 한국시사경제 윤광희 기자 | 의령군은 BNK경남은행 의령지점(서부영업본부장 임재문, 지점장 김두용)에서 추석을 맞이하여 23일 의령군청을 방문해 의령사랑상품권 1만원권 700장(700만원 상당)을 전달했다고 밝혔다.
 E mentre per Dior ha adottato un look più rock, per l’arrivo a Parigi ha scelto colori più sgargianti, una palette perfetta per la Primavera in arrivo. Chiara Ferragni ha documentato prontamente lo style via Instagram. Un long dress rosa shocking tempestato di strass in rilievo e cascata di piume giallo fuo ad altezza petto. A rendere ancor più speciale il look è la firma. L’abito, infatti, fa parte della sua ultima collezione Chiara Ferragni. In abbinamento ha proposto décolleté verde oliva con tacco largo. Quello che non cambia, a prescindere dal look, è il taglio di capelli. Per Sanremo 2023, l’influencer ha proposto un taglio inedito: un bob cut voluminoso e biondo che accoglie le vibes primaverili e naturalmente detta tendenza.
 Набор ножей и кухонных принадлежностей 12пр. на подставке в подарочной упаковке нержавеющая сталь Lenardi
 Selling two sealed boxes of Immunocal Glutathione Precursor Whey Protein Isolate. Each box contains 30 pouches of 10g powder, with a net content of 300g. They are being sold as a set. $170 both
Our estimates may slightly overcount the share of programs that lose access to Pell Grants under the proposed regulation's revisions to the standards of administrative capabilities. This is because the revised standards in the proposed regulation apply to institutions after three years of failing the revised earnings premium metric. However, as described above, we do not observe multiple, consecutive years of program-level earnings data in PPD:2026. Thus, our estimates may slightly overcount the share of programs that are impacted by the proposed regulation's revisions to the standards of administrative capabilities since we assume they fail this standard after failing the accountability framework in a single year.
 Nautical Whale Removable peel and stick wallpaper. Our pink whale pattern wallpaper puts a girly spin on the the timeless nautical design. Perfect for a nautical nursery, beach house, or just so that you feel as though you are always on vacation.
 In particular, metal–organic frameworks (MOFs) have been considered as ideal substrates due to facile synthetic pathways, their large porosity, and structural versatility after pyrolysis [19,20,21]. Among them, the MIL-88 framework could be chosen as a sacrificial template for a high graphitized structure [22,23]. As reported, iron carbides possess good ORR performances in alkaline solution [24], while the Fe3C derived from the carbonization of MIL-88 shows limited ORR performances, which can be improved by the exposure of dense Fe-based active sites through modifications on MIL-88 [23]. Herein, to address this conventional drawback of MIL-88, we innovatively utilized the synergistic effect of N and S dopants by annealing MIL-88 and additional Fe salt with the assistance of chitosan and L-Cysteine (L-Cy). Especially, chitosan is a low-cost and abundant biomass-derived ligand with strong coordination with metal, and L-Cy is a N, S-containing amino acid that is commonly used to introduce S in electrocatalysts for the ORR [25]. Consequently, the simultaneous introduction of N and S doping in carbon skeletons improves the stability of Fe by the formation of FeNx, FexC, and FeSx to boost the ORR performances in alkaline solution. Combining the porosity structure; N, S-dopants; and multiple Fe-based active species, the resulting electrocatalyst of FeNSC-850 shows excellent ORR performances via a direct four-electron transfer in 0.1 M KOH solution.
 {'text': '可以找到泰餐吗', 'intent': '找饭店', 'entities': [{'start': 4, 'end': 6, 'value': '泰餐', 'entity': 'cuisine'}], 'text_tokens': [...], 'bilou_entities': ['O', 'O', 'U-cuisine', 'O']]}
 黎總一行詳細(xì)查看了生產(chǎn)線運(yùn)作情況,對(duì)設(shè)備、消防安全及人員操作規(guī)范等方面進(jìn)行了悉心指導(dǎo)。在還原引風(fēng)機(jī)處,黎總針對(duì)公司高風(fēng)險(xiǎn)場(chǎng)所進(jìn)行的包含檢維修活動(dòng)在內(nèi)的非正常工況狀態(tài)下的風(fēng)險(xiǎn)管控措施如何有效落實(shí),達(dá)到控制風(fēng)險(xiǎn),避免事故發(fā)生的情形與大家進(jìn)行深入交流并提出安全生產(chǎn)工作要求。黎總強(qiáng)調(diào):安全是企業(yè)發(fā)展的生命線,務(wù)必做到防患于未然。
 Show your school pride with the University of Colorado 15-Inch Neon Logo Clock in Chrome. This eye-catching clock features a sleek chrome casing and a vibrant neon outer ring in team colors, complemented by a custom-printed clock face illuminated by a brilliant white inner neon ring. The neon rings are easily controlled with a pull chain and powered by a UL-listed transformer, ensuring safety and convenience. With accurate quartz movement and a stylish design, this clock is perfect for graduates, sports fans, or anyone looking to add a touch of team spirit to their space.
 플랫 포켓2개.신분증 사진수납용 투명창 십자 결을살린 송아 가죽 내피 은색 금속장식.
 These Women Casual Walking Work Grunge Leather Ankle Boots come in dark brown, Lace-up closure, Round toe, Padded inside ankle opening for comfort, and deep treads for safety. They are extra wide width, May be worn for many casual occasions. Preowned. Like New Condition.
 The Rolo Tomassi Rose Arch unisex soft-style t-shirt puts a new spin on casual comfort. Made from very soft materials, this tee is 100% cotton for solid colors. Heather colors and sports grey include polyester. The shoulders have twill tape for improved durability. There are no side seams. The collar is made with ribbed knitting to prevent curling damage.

Work request
Set the entries down again, unchanged and complete.

Your solution
 한국시사경제 윤광희 기자 | 의령군은 BNK경남은행 의령지점(서부영업본부장 임재문, 지점장 김두용)에서 추석을 맞이하여 23일 의령군청을 방문해 의령사랑상품권 1만원권 700장(700만원 상당)을 전달했다고 밝혔다.
 E mentre per Dior ha adottato un look più rock, per l’arrivo a Parigi ha scelto colori più sgargianti, una palette perfetta per la Primavera in arrivo. Chiara Ferragni ha documentato prontamente lo style via Instagram. Un long dress rosa shocking tempestato di strass in rilievo e cascata di piume giallo fuo ad altezza petto. A rendere ancor più speciale il look è la firma. L’abito, infatti, fa parte della sua ultima collezione Chiara Ferragni. In abbinamento ha proposto décolleté verde oliva con tacco largo. Quello che non cambia, a prescindere dal look, è il taglio di capelli. Per Sanremo 2023, l’influencer ha proposto un taglio inedito: un bob cut voluminoso e biondo che accoglie le vibes primaverili e naturalmente detta tendenza.
 Набор ножей и кухонных принадлежностей 12пр. на подставке в подарочной упаковке нержавеющая сталь Lenardi
 Selling two sealed boxes of Immunocal Glutathione Precursor Whey Protein Isolate. Each box contains 30 pouches of 10g powder, with a net content of 300g. They are being sold as a set. $170 both
Our estimates may slightly overcount the share of programs that lose access to Pell Grants under the proposed regulation's revisions to the standards of administrative capabilities. This is because the revised standards in the proposed regulation apply to institutions after three years of failing the revised earnings premium metric. However, as described above, we do not observe multiple, consecutive years of program-level earnings data in PPD:2026. Thus, our estimates may slightly overcount the share of programs that are impacted by the proposed regulation's revisions to the standards of administrative capabilities since we assume they fail this standard after failing the accountability framework in a single year.
 Nautical Whale Removable peel and stick wallpaper. Our pink whale pattern wallpaper puts a girly spin on the the timeless nautical design. Perfect for a nautical nursery, beach house, or just so that you feel as though you are always on vacation.
 In particular, metal–organic frameworks (MOFs) have been considered as ideal substrates due to facile synthetic pathways, their large porosity, and structural versatility after pyrolysis [19,20,21]. Among them, the MIL-88 framework could be chosen as a sacrificial template for a high graphitized structure [22,23]. As reported, iron carbides possess good ORR performances in alkaline solution [24], while the Fe3C derived from the carbonization of MIL-88 shows limited ORR performances, which can be improved by the exposure of dense Fe-based active sites through modifications on MIL-88 [23]. Herein, to address this conventional drawback of MIL-88, we innovatively utilized the synergistic effect of N and S dopants by annealing MIL-88 and additional Fe salt with the assistance of chitosan and L-Cysteine (L-Cy). Especially, chitosan is a low-cost and abundant biomass-derived ligand with strong coordination with metal, and L-Cy is a N, S-containing amino acid that is commonly used to introduce S in electrocatalysts for the ORR [25]. Consequently, the simultaneous introduction of N and S doping in carbon skeletons improves the stability of Fe by the formation of FeNx, FexC, and FeSx to boost the ORR performances in alkaline solution. Combining the porosity structure; N, S-dopants; and multiple Fe-based active species, the resulting electrocatalyst of FeNSC-850 shows excellent ORR performances via a direct four-electron transfer in 0.1 M KOH solution.
 {'text': '可以找到泰餐吗', 'intent': '找饭店', 'entities': [{'start': 4, 'end': 6, 'value': '泰餐', 'entity': 'cuisine'}], 'text_tokens': [...], 'bilou_entities': ['O', 'O', 'U-cuisine', 'O']]}
 黎總一行詳細(xì)查看了生產(chǎn)線運(yùn)作情況,對(duì)設(shè)備、消防安全及人員操作規(guī)范等方面進(jìn)行了悉心指導(dǎo)。在還原引風(fēng)機(jī)處,黎總針對(duì)公司高風(fēng)險(xiǎn)場(chǎng)所進(jìn)行的包含檢維修活動(dòng)在內(nèi)的非正常工況狀態(tài)下的風(fēng)險(xiǎn)管控措施如何有效落實(shí),達(dá)到控制風(fēng)險(xiǎn),避免事故發(fā)生的情形與大家進(jìn)行深入交流并提出安全生產(chǎn)工作要求。黎總強(qiáng)調(diào):安全是企業(yè)發(fā)展的生命線,務(wù)必做到防患于未然。
 Show your school pride with the University of Colorado 15-Inch Neon Logo Clock in Chrome. This eye-catching clock features a sleek chrome casing and a vibrant neon outer ring in team colors, complemented by a custom-printed clock face illuminated by a brilliant white inner neon ring. The neon rings are easily controlled with a pull chain and powered by a UL-listed transformer, ensuring safety and convenience. With accurate quartz movement and a stylish design, this clock is perfect for graduates, sports fans, or anyone looking to add a touch of team spirit to their space.
 플랫 포켓2개.신분증 사진수납용 투명창 십자 결을살린 송아 가죽 내피 은색 금속장식.
 These Women Casual Walking Work Grunge Leather Ankle Boots come in dark brown, Lace-up closure, Round toe, Padded inside ankle opening for comfort, and deep treads for safety. They are extra wide width, May be worn for many casual occasions. Preowned. Like New Condition.
 The Rolo Tomassi Rose Arch unisex soft-style t-shirt puts a new spin on casual comfort. Made from very soft materials, this tee is 100% cotton for solid colors. Heather colors and sports grey include polyester. The shoulders have twill tape for improved durability. There are no side seams. The collar is made with ribbed knitting to prevent curling damage.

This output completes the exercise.